We will denote the set of natural numbers by N, the set of integers by Z, and the set of real numbers by R. Prior to Cantor’s work, set theory was considered a rather elementary theory utilized on a surface level but never explored in its own right. The concept of infinity was considered “equinumerous”, that is there was only one “infinity” and it had only one “size”, so people believed that N and R had the same “size” because they were infinite. Cantor disproved this idea of an equinumerous infinity, proving that there was a hierarchy of infinities that continued infinitely. Cantor achieved this by extending the concepts of cardinality and order type to infinite sets. For the purposes of brevity, only the concept of cardinality will be discussed, links to more information on ordinal and cardinal numbers are provided in the references section.

The cardinality of a set is simply the amount of things that set contains, for instance the set {1, 2, 3, 4} has cardinality four since there are four things contained in it. Two sets have the cardinality when they have the same amount of things in them, for instance the sets {1, 2, 3} and {4, 5, 6} have the same cardinality of three. Cantor extended the definition of cardinality to infinite sets by utilizing functions like so:

Suppose A and B are sets, then they are said to have the same cardinality if and only if there exists a bijective function which maps A onto B. 

Utilizing this new definition, we can now compare the cardinalities of infinite sets and as an example will show that N has the same cardinality as Z:

Consider the function f: N -> Z defined by f(n) =  (-n – 1)/2 for odd n and f(n) =  n/2 for even n. That is:

f(0)  =  0

f(1)  =  -1

f(2)  =  1

f(3)  =  -2

f(4)  =  2

etc.

One can show that the above defined function f is bijective, so it follows that N has the same cardinality as Z.

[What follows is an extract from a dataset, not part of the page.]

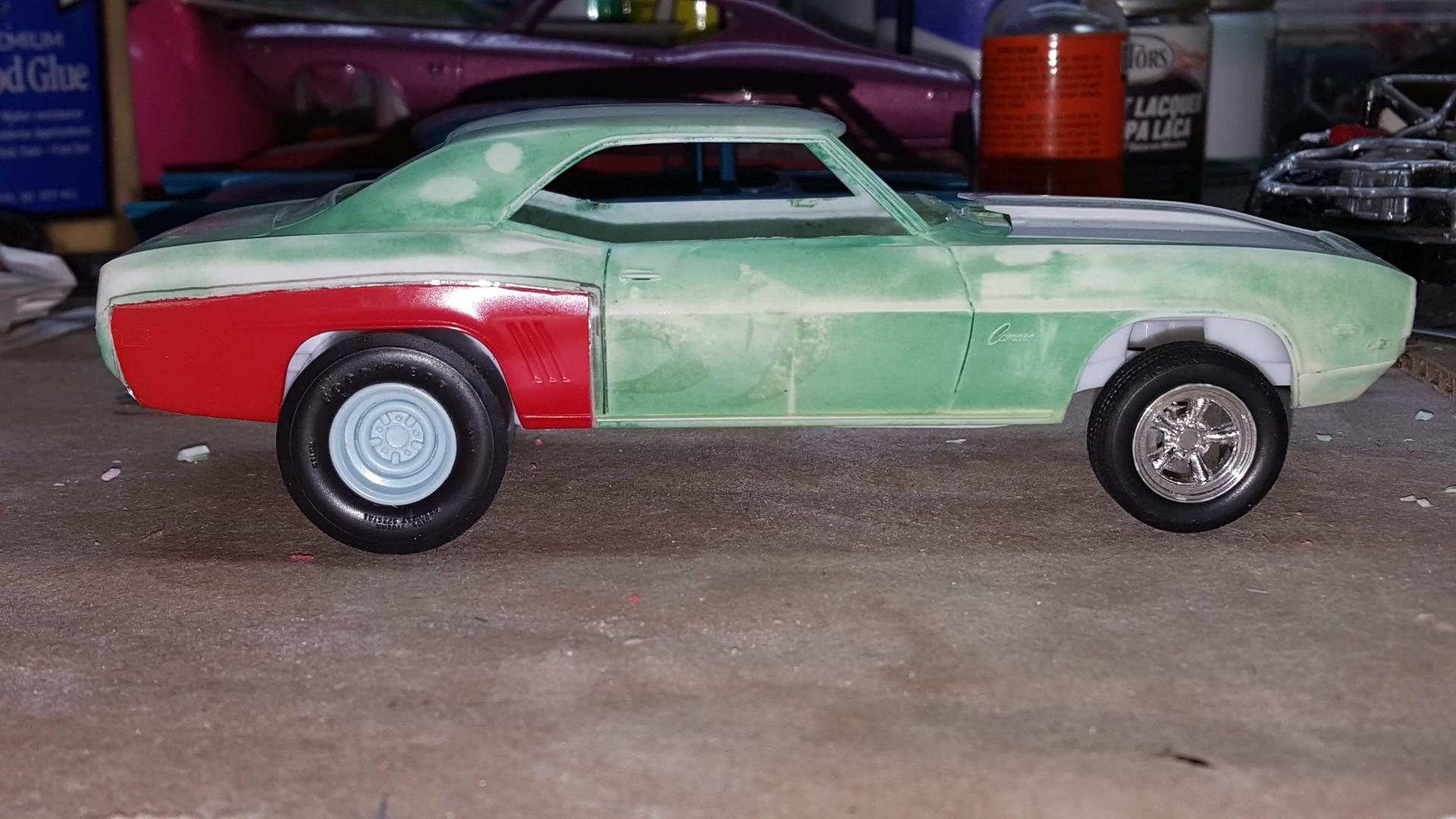 Exactly my thoughts but I was blinded by seeing the mess and knowing what it could be... everyone in our local club agrees that I should've left it alone aside from wheels and tires and a good cleaning. And the quarter panels were a serious undertaking as they were swiped from a Monogram 24th scale camaro. You must weigh the options when you find a buildup and deside what's the right decision. I just didn't take long enough to think it over... The day after I got it I had the heating and air guy at my house, he seen it sitting on my bench and asked "did you build that"!? "Ugh, No I'm better than that at modeling" I said. It kinda embarrassed me. Now he probably thinks I'm a horrible builder. I couldn't help think what the next guy would think about it. I had to make it nice... And the devil on my right shoulder said Rebuild it! lol The fact is I have 10 virgin Revell Camaros on the shelf but I wanted to fix this one, Do I have a problem? lol...

Using this new definition, Cantor was able to prove that the cardinality of R was actually bigger than N by his famous diagonal argument, thus showing that infinity was not equinumerous as people initially believed. We will end this section by briefly mentioning Cantor’s theorem, which states that for any set X, the cardinality of its powerset P(X) is greater than the cardinality of X, in symbols:   |X|  <  |P(X)|.

Applying Cantor’s theorem to the set N, we construct a new set P(N) whose cardinality is greater than N. But since N is an infinite set, this means that we just constructed a bigger infinity. Repeatedly applying Cantors theorem we obtain the following hierarchy of infinities:

|X| < |P(X)| < |P(P(X))| < |P(P(P(X)))| < …

Thus we have a hierarchy of infinities that goes on infinitely, absolutely mind-blowing.